A commitment to nonviolence has to begin with the individual for many reasons.  Nonviolence has to become the way you experience every moment of your life, before you can effectively engage in the outward parts of nonviolence, which may eventually  lead to participating in direct action, or may never.

We each have to discover the many, often insidious threads of violence that are part of of our own lives.  Our relationships with others, our treatment of our environment, plants and animals, our social and political lives can all have violent aspects that we may be unaware of until we begin to pay close attention to them.  As can seen from this list, violence means much more than physical force.  A useful term is power in its many forms, which can be used to influence other people and entities in ways that are unwelcome or detrimental.

As we learn more about ourselves, we learn there are always new things to be aware of, which makes us more open to consider new ideas and able to change ourselves.  This makes us more tolerant of others, knowing they can engage in these same processes, and we can help others do so, when conditions are appropriate.

This is a core concept of nonviolence, that success is measured by how much progress is made toward justice together, which often involves changing not only those who have been engaging in injustice, but also changing ourselves.  It is often the awareness by others that we are willing to change that makes it possible for them to consider changing too.  Deeply listening to each other is key.

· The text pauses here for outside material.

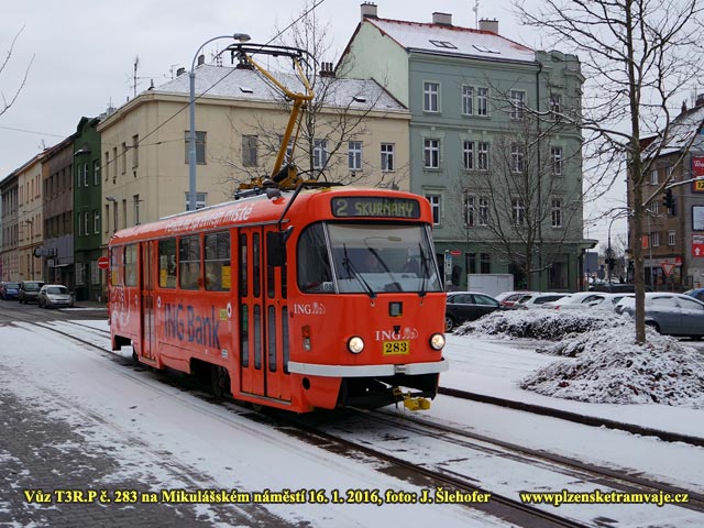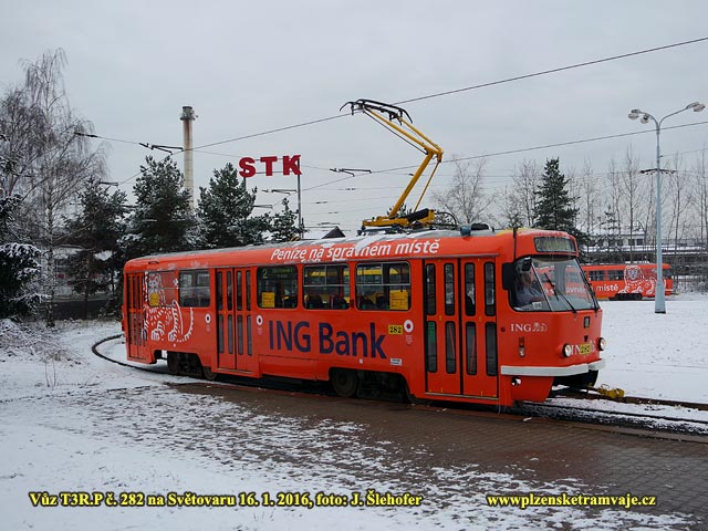 vůz 282 s reklamou na ING na konečné Světovar 16. 1. 2016 vůz 283 s reklamou na ING na Mikulášském náměstí 16. 1. 2016 Od 16. 1. 2016 mají vozy č. 282 a 283 reklamu ING Bank, shodnou jako byla na vozech č. 217 a 218, viz výše. Vozy 217 a 218 totiž čeká cesta do dílen, kde projdou Velkou prohlídkou a reklama z nich tedy zmizí. Na vozech 282 a 283 je reklama přesně rok.

The new book, The Gandhian Iceberg, by Chris Moore-Backman is a very helpful manual on nonviolence.  Iceberg is used as an image to illustrate the three basic parts of nonviolence.  The bulk of an iceberg is underwater.  In nonviolence, this is the part discussed above, sometimes referred to as “self-purification”.  The part of the iceberg above water represents the work that is done in the world to bring about peace and justice, which Chris refers to as the constructive program.  Finally, the very smallest projection of the tip of the iceberg represents nonviolent direct action against specific social evils.